How to use Purdue AF

Basic interface components

JupyterLab provides an interactive interface for general code development. The screenshot below shows the main elements of the interface:

File browser - your home directory with symlinks to different storage volumes (Depot, CVMFS, /work/, etc. - learn more here).
Exstensions - left sidebar contains useful extesions, such as a Git extension for interactive work with GitHub or GitLab repositories.
Launcher - features buttons to create Python and ROOT C++ notebooks with different Pixi or Conda environments, open terminals, create new text files, etc. New launcher window can be opened by clicking the + button in the file browser or next to any open tab.
Top bar - contains Purdue AF release version, your username, dark theme switch, and the shutdown button.
Terminal - standard Bash terminal, useful for any cases that require a command line interface.
File editor - simple IDE with syntax highlight for most common programming languages.

Note

Windows with terminals, editors, etc., can be rearranged.

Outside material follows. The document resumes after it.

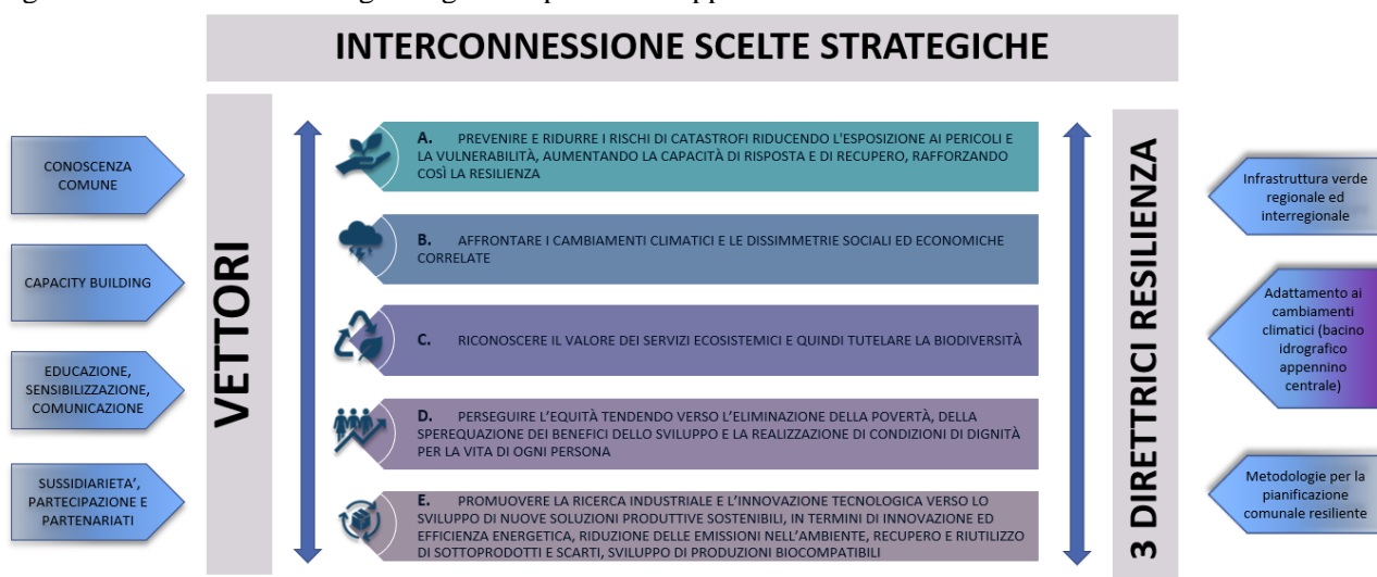
Figura. Struttura della Strategia Regionale per lo Sviluppo Sostenibile

La SRSvS individua un percorso incrementale che favorisca il dialogo con il DEFR nel rispetto delle distinte finalità, considerando che il DEFR è base per la programmazione finanziaria e rappresenta lo snodo di interconnessione fra il Programma di governo e il Bilancio esprimendo strategie e modalità di perseguimento. La Strategia, in sintesi, individua cinque scelte strategiche, affiancate dai vettori di sostenibilità, declinate in 19 obiettivi per i quali sono state individuate le azioni che concorrono alla loro realizzazione. Inoltre ha sviluppato un focus particolare sul tema della resilienza territoriale per il quale ha individuato tre direttrici di sviluppo.

The window layout is preserved when you shut down and restart the AF session.

Other User Interfaces

In addition to JupyterLab, Purdue AF provides other user interfaces for analysis development.

Web-based Visual Studio Code (code-server) interface

To open the web-based VSCode interface, click on the button with VSCode logo in the JupyterLab Launcher (the button is not shown in the screenshot above).
Connection from local VSCode-based IDEs
SSH connection from local terminal

Python code development

JupyterLab is especially well suited for developing analysis workflows in Python.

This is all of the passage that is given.